SIMON: Now, wolves would ordinarily help themselves to a lot of those caribou, wouldn't they?
JOSIE: Yeah, they depend on the caribou going through so their next generation would survive. So what we've been seeing lately is when the caribou don't come, the wolves are putting a strain on the moose population in those areas. And if they're not getting the moose, they are coming closer into town because they're searching for food. They're getting hungry.
SIMON: I understand that holes are starting to form in some of the lakes, which are usually frozen.
JOSIE: Because of the melting permafrost, a lot of that organic matter underneath the lake beds are melting and thawing and creating them and releasing methane. Methane bubbles up onto the bottom of the ice, and it actually warms the ice faster. So it's very dangerous if you're traveling and you're not sure what you're looking for.

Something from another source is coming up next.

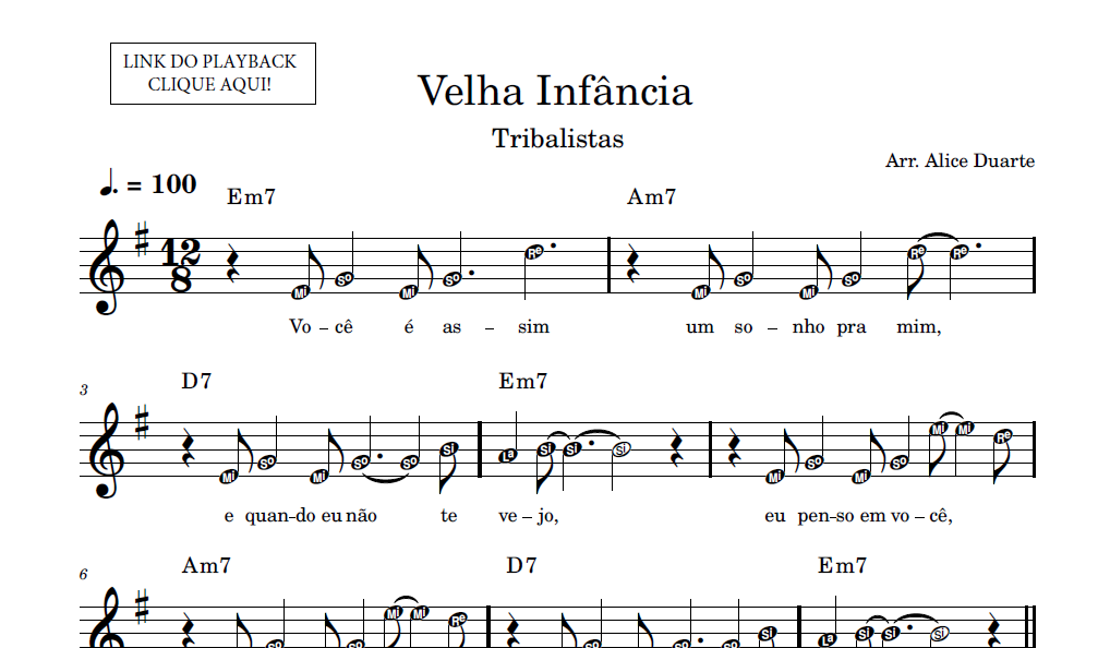 Partitura facilitada com a transcrição do arranjo da música “Velha Infância”, de Tribalistas, disponível em vídeo no link do YouTube: Velha Infância (Tribalistas) | Tutorial | Aprenda a tocar com Partitura Facilitada + Playback – YouTube

JOSIE: And so it really changed the way that we travel out on the land.
SIMON: Yeah, 'cause you can't be certain if it's solid or not.
SIMON: Mr. Josie, do you ever think of moving?
JOSIE: Growing up in this community since I was a baby, this is my home. It's where I learned to live out on the land. It's where I harvest my food. It's where I live. I love this country. And at times like when you go to high school and you got to go to school, you leave the community. And when you're young, you like to experience and travel new things, but you always have that sense of home that you want to be back to. You want to be back. You want to be on the river. You want to be out on the land. I don't see myself wanting to move. This is my community, and I'm going to raise my family here.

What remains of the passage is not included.